Erasend is one of our esteemed commenters who regularly delivers solid prose and good arguments – sometimes contentious and sometimes probing new territory – and not afraid to disagree with anyone or everyone – including your publisher. Erasend made a comment shortly after the last hearing – before Judge Eric Komitee – in the civil case of Sarah Edmondson, et al, against Keith Raniere et al – the case I shall often refer to as the NXIVM case or better yet – the Bronfman NXIVM case.
It goes without saying – or at least it should – that the opinions of Erasend are entirely his own and do not necessarily reflect the opinions of Frank Report. The photo below is not an actual photograph of Erasend but rather what I imagine him to look like since he is after all anonymous not only to our readers but to myself as well.
So yeah, pretty typical paper pushing meeting. Requiring everyone to show up instead of teleconference was a complete waste of time, money, and resources.
Judges really need to get over their traditional approach to court.
My opinion has nothing to do with the who is involved (like for some), I just find that requiring people to fly in, dress up, stand before a judge so he can feel the thrill of power is just stupid and counterproductive.
All that should only be necessary when there is a lot of moving parts involved like during the actual trial. But these paper pushing meetings are really just between the lawyers, the judge, and maybe a few questions to plaintiffs and defendants. Type of stuff that teleconferencing is perfect for.

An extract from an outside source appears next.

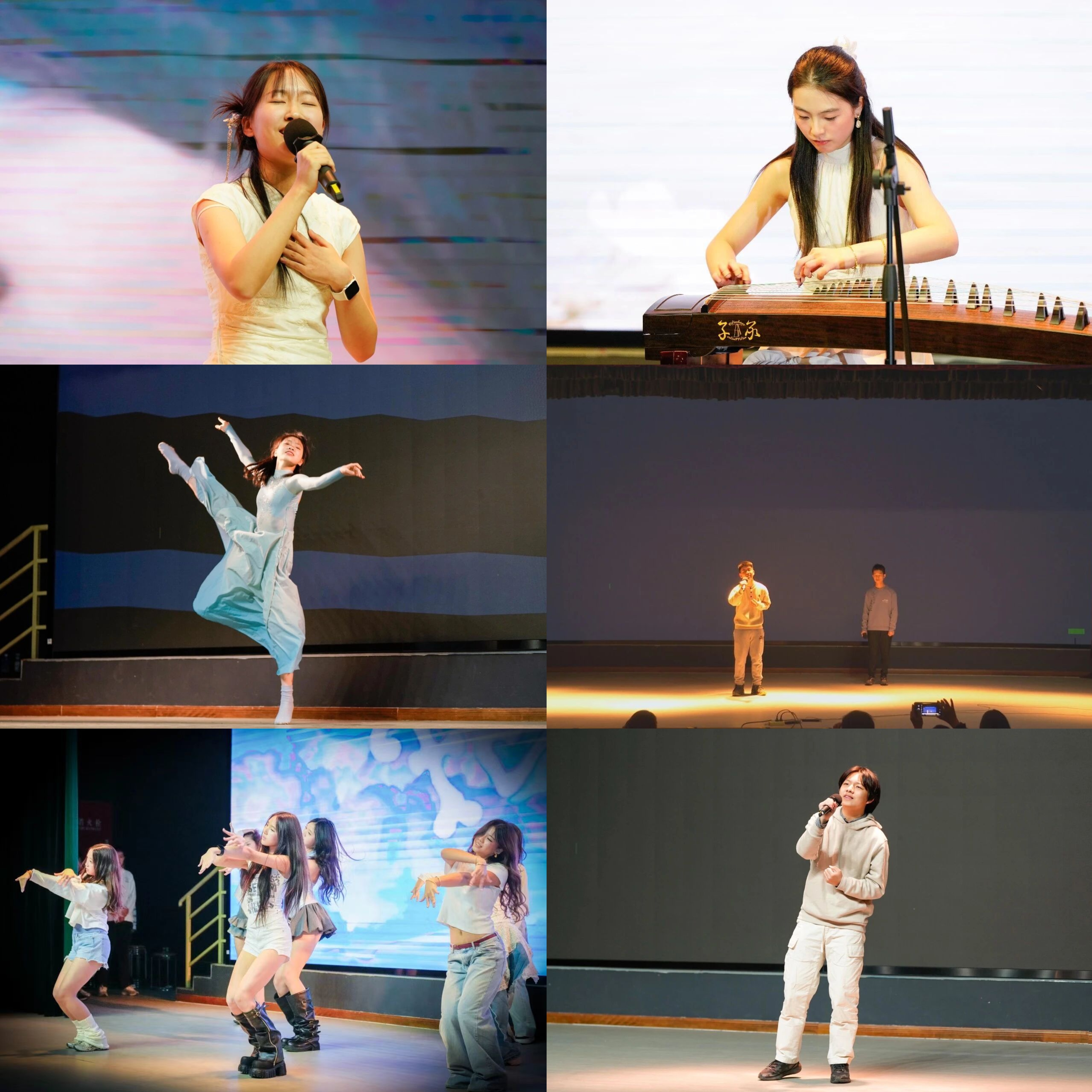 A rich tapestry of musical styles collided and blended on stage, radiating unique charm. Two senior high school students presented a piano medley, skillfully connecting the Xinjiang-style charm of Dance of Spring with the revolutionary passion of Chopin’s Revolutionary Etude—a captivating dialogue between Eastern and Western art. This was followed by a medley of classic pop hits, whose familiar melodies struck a chord with the entire audience. A guzheng solo of Spring Comes to the Xiang River painted a vivid picture of spring through flowing tunes, while the modern dance Shaoxing Road led the audience on a stroll through the quiet streets of the city with graceful movements. Several students took turns performing songs such as Practicing Love and Back-to-Back Hug, depicting emotional depth with delicate expressions, and the K-pop dance group returned to ignite the stage once more with Famous. Additionally, an excerpt from the musical My Bucket List prompted reflections on the meaning of life with its narrative-driven vocals. A group of senior high school students delivered a gentle and poignant rendition of Shostakovich’s Prelude, while a piano medley of La La Land and Legends of 1900 struck a chord about dreams of belonging.

The dressing down that everyone was hoping for didn’t happen because Michele Hatchette isn’t a defendant and the judge has no control over her, which he surprisingly admitted on the record.
She is just a busybody inserting her ego into a situation that currently has nothing to do with her. As I said before, “fuck Hatchette.”
Anyone that gives her vicious ass oxygen are subverting the judicial process and the privacy of others for no meaningful reason beyond ego.
To me, this last court meeting was a disaster for Neil Glazer and huge victory for Nicki Clyne and company. The Bronfman’s came out even – but now have a clear path to potential victory.
Glazer’s position was been significantly weakened and likely will increase pressure to settle. This can be reversed depending on how the judge decides on bifurcation and dismissal (judges tend to not want to dismiss cases).
I had already thought the decision to bifurcate had been sorted. Dumb assumption on my part because still early in the case.
I would be shocked if the judge doesn’t do it, as keeping the DOS claims and the NXIVM consumer fraud claims together will most definitely create many avenues of appeal.
Judge Komitee is right, “every defendant seems to be accused of everything” which is a problem considering the charges.
Bifurcation would effectively end the lawsuit as I see it. It doesn’t appear the Bronfmans had anything to do with the creation of DOS. I would say everything Glazer is planning hinges on DOS. The DOS activities with the blackmail, branding and sex is how he gets the jury to hate the defendants. Hating the defendants is how you get mega bucks.
Without the Bronfman’s as part of that, he can still pursue it, but it would be a waste of his time and money as all that remains are defendants with shallow pockets that would never be able to pay whatever amount the jury decided on. Yeah some will say Clyne has money, but she definitely doesn’t have millions.
Bifurcation likely will mean the DOS stuff will not be usable in the cases about forced labor and fraud. Those will be difficult for Glazer to win on their own merits. The “profit” part of it doesn’t even exist for the Bronfmans, They didn’t make money off of NXIVM. It was a money drain by everything I have read. As keep saying, many of the plaintiffs are a huge weakness for this case since many participated in the very activities they are suing for.
The Bronfman lawyers will have a lovely stream of plaintiffs who will have to admit they volunteered to work, that they volunteered to take the classes, that they volunteered to keep taking classes and so on. A steady drumbeat of up to 69 people doing variations of “yes I did do that but…” on top of any others they decide to throw on the pile will be hard for a jury to ignore.
I suspect Glazer is crunching the numbers on what a max settlement might be. It is significantly lower than it was befoeyesterday. His chances of case revival will be preventing the bifurcation or failing that keeping the Bronfman’s as defendants on the DOS aspect of the suit.